# 2005 Passat TDI - Brake Fault



## AtlantaPassatTDI2005 (Nov 19, 2009)

Hello,
Periodically I will recieve a Brake fault error in the console between the Spedometer and Tac. It flashes "Stop", beeps, and displays "Brake Fault". The brakes are fine and work properly. I've kept driving and this fault periodically flashes. There was a time where it would only show up when I was in a gradual right turn or when it was chilly (40 degree mornings) and now its happening with more frequency. I did notice that the brake fluid needed to be topped up and I've done this. There is 130k miles on the car and I haven't replaces the brake pads since I bought with 45k miles on it. I've looked at the pads and there seems to be enough pad still left but I can't see the inboard pad without taking the caliper off. Any suggestions from those that are familiar with this problem would be appreciated.
thx


----------



## stratocaster (Jul 13, 2004)

*Re: 2005 Passat TDI - Brake Fault (AtlantaPassatTDI2005)*

Check your brake pads. The outer pad can look like it still has plenty of life which the inside pad can be metal on metal.
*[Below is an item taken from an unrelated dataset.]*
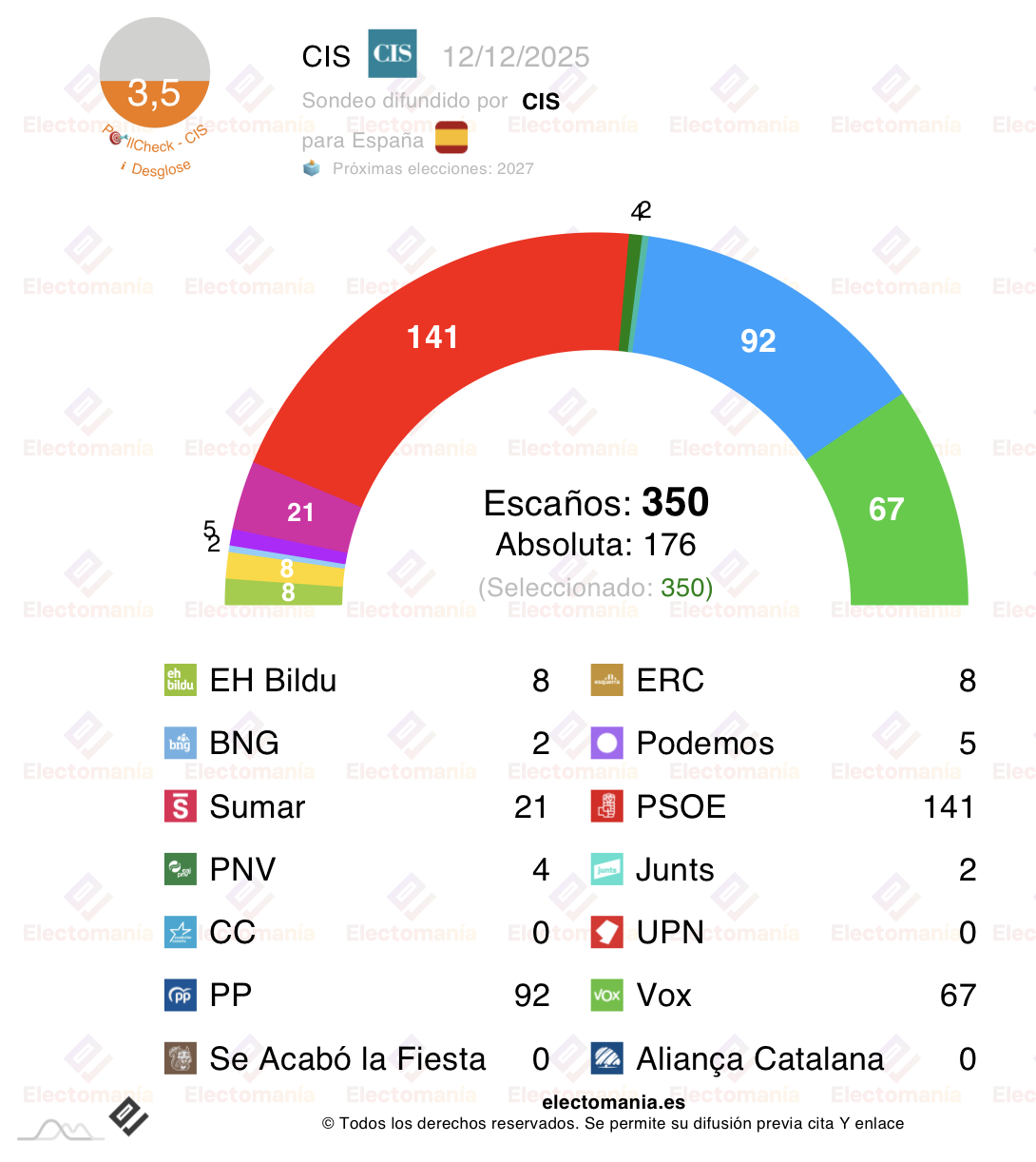 Barómetro mensual del CIS dirigido por José Félix Tezanos para elecciones generales en España. Precaución, PollCheck bajo, tomar con cautela.

The brake pad wear sensor is probably hanging loose by now and periodically grounding out on whatever it touches while it swings around down there, causing the brake fault to come on every so often.


----------



## jayj6996 (Nov 21, 2009)

*Re: 2005 Passat TDI - Brake Fault (stratocaster)*

Actually your brake pad wear indicating sensors trip the light when the wire is severed and would only go off if miraculously it was reconnected. Most likely not your issue Imo. Honestly Id be interested in seeing if you have a sporadic wheel speed sensor fault stored in brake electronics/abs.


----------